What you need to do:
When the line with "구글도 이 점에 대해" appears below, start repeating lines exactly, and keep going through the line with "в красно-зеленой гамме."; add nothing outside that span.

══ Input for this task ══

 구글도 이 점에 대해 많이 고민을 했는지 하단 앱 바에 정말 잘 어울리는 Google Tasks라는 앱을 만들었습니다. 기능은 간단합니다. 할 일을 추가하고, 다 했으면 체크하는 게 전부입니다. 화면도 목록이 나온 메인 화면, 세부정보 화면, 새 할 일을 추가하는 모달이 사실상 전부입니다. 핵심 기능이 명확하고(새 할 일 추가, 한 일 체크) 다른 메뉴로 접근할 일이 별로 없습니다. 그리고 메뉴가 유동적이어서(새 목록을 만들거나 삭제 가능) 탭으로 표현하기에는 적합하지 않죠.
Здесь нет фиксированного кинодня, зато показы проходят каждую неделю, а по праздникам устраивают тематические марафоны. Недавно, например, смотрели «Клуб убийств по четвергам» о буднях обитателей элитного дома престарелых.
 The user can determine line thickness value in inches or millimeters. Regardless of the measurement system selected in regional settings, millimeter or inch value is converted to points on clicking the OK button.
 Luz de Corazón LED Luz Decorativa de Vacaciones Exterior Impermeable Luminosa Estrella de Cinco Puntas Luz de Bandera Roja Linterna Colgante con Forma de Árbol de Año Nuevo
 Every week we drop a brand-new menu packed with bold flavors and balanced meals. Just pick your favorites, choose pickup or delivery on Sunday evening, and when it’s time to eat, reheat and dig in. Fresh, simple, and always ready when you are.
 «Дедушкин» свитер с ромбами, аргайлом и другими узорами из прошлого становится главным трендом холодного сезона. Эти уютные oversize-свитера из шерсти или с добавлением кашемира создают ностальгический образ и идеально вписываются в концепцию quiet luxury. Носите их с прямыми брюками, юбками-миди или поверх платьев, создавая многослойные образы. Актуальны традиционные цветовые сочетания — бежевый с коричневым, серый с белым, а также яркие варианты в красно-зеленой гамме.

═══
══ Input for this task ══

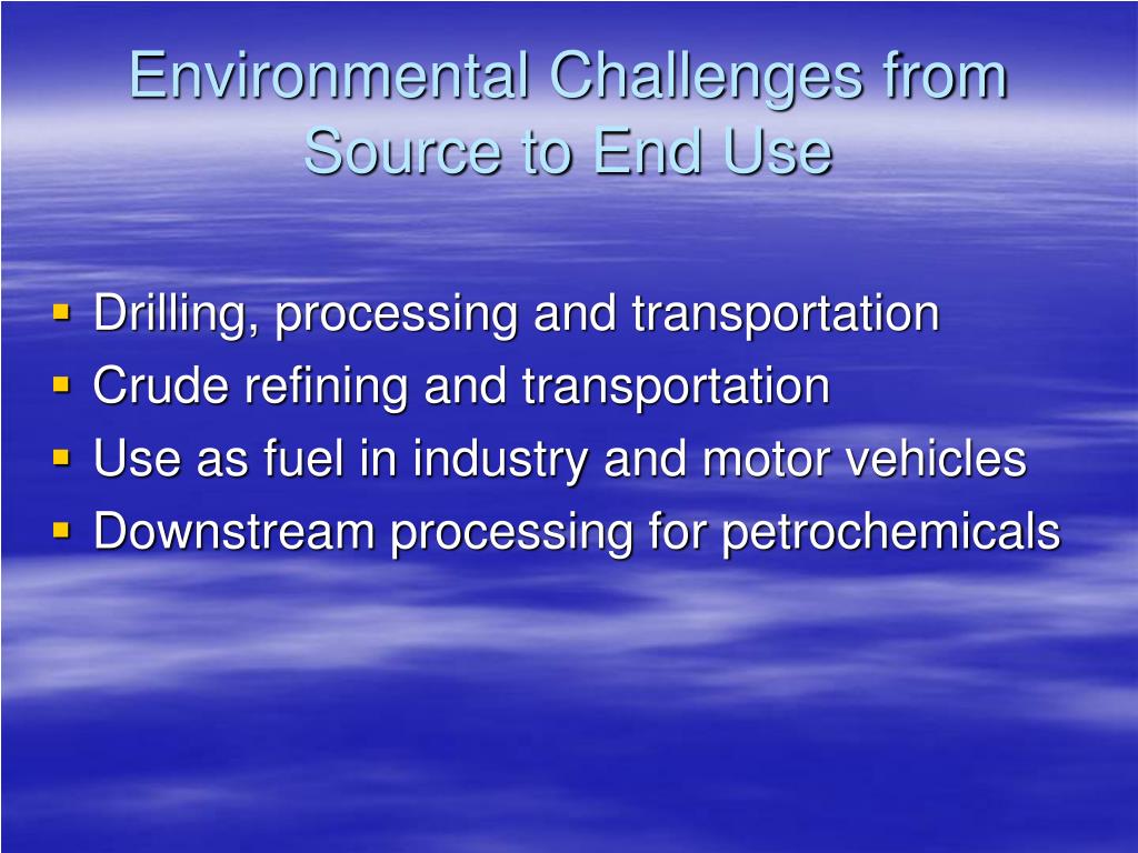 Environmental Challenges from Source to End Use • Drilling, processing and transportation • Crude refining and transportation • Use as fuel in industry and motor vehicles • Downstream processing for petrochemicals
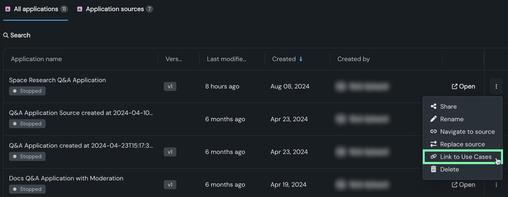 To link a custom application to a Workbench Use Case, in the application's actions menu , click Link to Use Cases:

═══
══ Input for this task ══

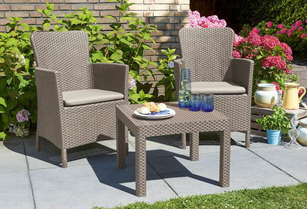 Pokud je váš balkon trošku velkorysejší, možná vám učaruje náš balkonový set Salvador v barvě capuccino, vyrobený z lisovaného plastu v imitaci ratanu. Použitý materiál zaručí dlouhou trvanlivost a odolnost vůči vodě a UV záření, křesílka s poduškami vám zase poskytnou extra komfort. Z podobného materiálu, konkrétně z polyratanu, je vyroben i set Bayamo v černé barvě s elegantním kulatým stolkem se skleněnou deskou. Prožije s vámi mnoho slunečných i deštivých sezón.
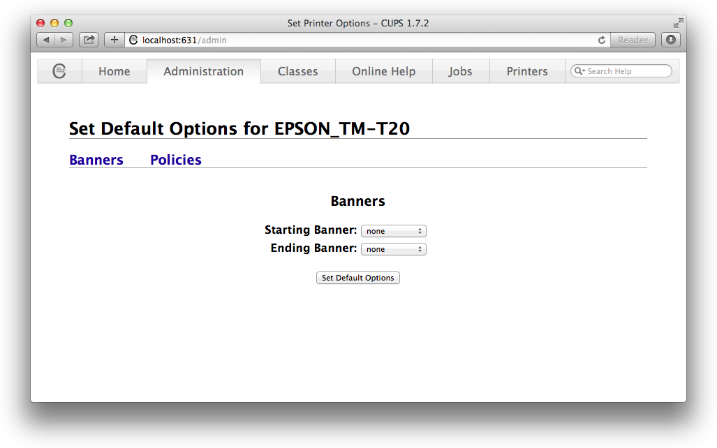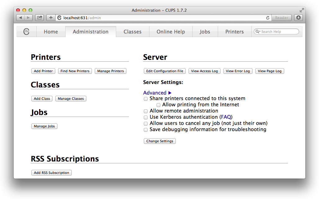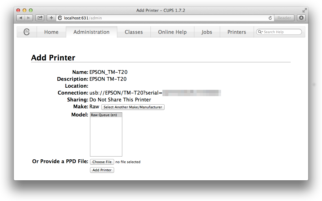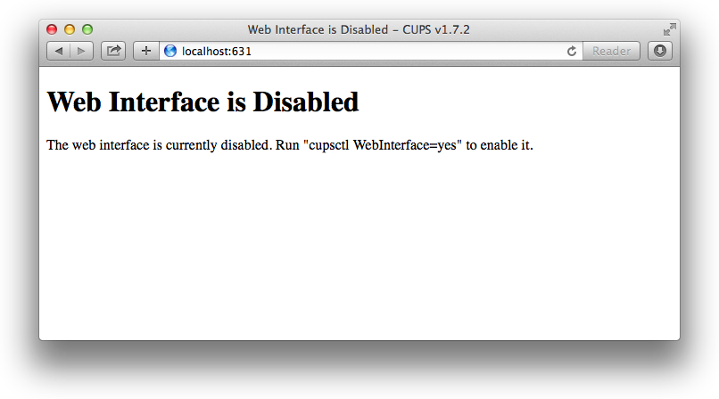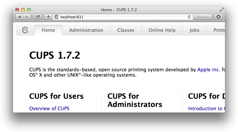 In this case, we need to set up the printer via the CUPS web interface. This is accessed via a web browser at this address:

═══

Solution to the exercise:
 구글도 이 점에 대해 많이 고민을 했는지 하단 앱 바에 정말 잘 어울리는 Google Tasks라는 앱을 만들었습니다. 기능은 간단합니다. 할 일을 추가하고, 다 했으면 체크하는 게 전부입니다. 화면도 목록이 나온 메인 화면, 세부정보 화면, 새 할 일을 추가하는 모달이 사실상 전부입니다. 핵심 기능이 명확하고(새 할 일 추가, 한 일 체크) 다른 메뉴로 접근할 일이 별로 없습니다. 그리고 메뉴가 유동적이어서(새 목록을 만들거나 삭제 가능) 탭으로 표현하기에는 적합하지 않죠.
Здесь нет фиксированного кинодня, зато показы проходят каждую неделю, а по праздникам устраивают тематические марафоны. Недавно, например, смотрели «Клуб убийств по четвергам» о буднях обитателей элитного дома престарелых.
 The user can determine line thickness value in inches or millimeters. Regardless of the measurement system selected in regional settings, millimeter or inch value is converted to points on clicking the OK button.
 Luz de Corazón LED Luz Decorativa de Vacaciones Exterior Impermeable Luminosa Estrella de Cinco Puntas Luz de Bandera Roja Linterna Colgante con Forma de Árbol de Año Nuevo
 Every week we drop a brand-new menu packed with bold flavors and balanced meals. Just pick your favorites, choose pickup or delivery on Sunday evening, and when it’s time to eat, reheat and dig in. Fresh, simple, and always ready when you are.
 «Дедушкин» свитер с ромбами, аргайлом и другими узорами из прошлого становится главным трендом холодного сезона. Эти уютные oversize-свитера из шерсти или с добавлением кашемира создают ностальгический образ и идеально вписываются в концепцию quiet luxury. Носите их с прямыми брюками, юбками-миди или поверх платьев, создавая многослойные образы. Актуальны традиционные цветовые сочетания — бежевый с коричневым, серый с белым, а также яркие варианты в красно-зеленой гамме.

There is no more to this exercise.